Summary: [Regression in 3.0.2] Unable to read an Excel file
Product: POI Reporter: Laurent Poublan <lpoublan>
Component: HPSFAssignee: POI Developers List <dev>
Status: RESOLVED FIXED    
Severity: regression    
Priority: P2    
Version: unspecified   
Target Milestone: ---   
Hardware: All   
OS: All   
Attachments: xls file not readable with POI HSSF 3.0.2 (ok with 3.0.1)

Description Laurent Poublan 2008-02-07 08:46:06 UTC
Impossible to create an HSSFWorkbook from an excel file.
There is a StringIndexOutOfBoundsException in POIDocument.readProperties().
It worked with POI 3.0.1.

Here is the full stack trace:
Exception in thread "main" java.lang.StringIndexOutOfBoundsException: String
index out of range: 541934449
	at java.lang.String.checkBounds(String.java:372)
	at java.lang.String.<init>(String.java:404)
	at org.apache.poi.hpsf.Property.readDictionary(Property.java:257)
	at org.apache.poi.hpsf.Property.<init>(Property.java:153)
	at org.apache.poi.hpsf.Section.<init>(Section.java:291)
	at org.apache.poi.hpsf.PropertySet.init(PropertySet.java:454)
	at org.apache.poi.hpsf.PropertySet.<init>(PropertySet.java:249)
	at org.apache.poi.hpsf.PropertySetFactory.create(PropertySetFactory.java:61)
	at org.apache.poi.POIDocument.getPropertySet(POIDocument.java:97)
	at org.apache.poi.POIDocument.readProperties(POIDocument.java:77)
	at org.apache.poi.hssf.usermodel.HSSFWorkbook.<init>(HSSFWorkbook.java:171)
	at org.apache.poi.hssf.usermodel.HSSFWorkbook.<init>(HSSFWorkbook.java:148)
	at Test.<init>(Test.java:18)
	at Test.main(Test.java:38)
Comment 1 Laurent Poublan 2008-02-07 08:51:29 UTC
Created attachment 21493 [details]
xls file not readable with POI HSSF 3.0.2 (ok with 3.0.1)

To reproduce, simply try:
POIFSFileSystem fs=new POIFSFileSystem(new
FileInputStream("C:/temp/test.xls"));
new HSSFWorkbook(fs); // this line throws a StringIndexOutOfBoundsException
Comment 2 Nick Burch 2008-02-07 09:03:18 UTC
Hmm, no changes to org.apache.poi.hpsf.Property have been made since 2006, so
it's not anything obvious there 
Comment 3 Nick Burch 2008-02-07 09:13:57 UTC
I don't know if your document has a corrupt SummaryInformation stream, or if
there's a bug in the SummaryInformation stream parsing.

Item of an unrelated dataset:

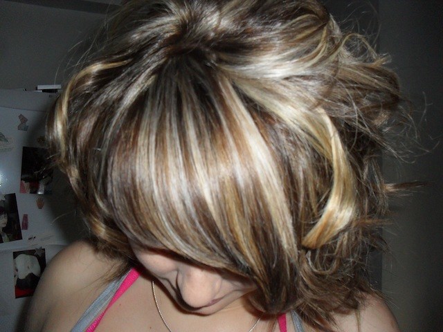 ci tu veux quelques mèches plus foncé fait en un peu partout et peu moins sur le dessus pour garder je coté lumieux du blond et plutot du 8.31 en vole trés fins
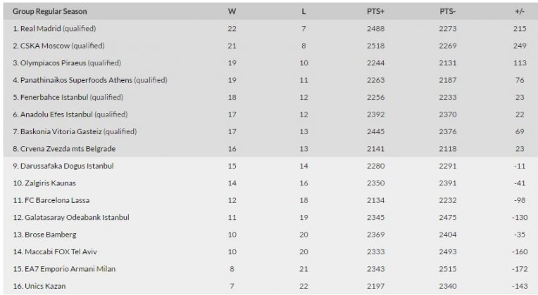 „Baskonia“ komanda (17/13) po nesėkmės nukrito į 7-tąją vietą. Į atkrintamąsias varžybas pateko pirmas aštuonias vietas užėmusios ekipos.

I've added a disabled failing testcase for it to svn trunk, which can be a start
for someone to take a look at why the SummaryInformation isn't working.

(3.0.1 didn't do document metadata by default, but 3.0.2 does)
Comment 4 Josh Micich 2008-02-07 14:56:31 UTC
It seems that the method:
org.apache.poi.hpsf.Property.readDictionary(byte[], long, int, int)
is not exercised by any of the existing junits.

When comparing the execution flow of this bug with the successful test cases, 
divergence can be seen at line 151 of the constructor - 
org.apache.poi.hpsf.Property.Property(long, byte[], long, int, int)
For the sample spreadsheet, the Property constructor is invoked successfully 
19 times before this.id==0 and readDictionary() gets invoked.
Comment 5 Rainer Klute 2008-02-08 02:19:57 UTC
The properties are broken. Neither the Windows XP Explorer nor Excel are able to
show them. But at least they don't fail. I am going to implement the same
behaviour in HPSF.
Comment 6 Rainer Klute 2008-02-08 04:01:52 UTC
Fixed with revision 619765. HPSF now copes with a broken dictionary in Document
Summary Information streams. RuntimeExceptions that occured when trying to read
bogus data are now caught. Dictionary entries up to but not including the bogus
one are preserved, the rest is ignored.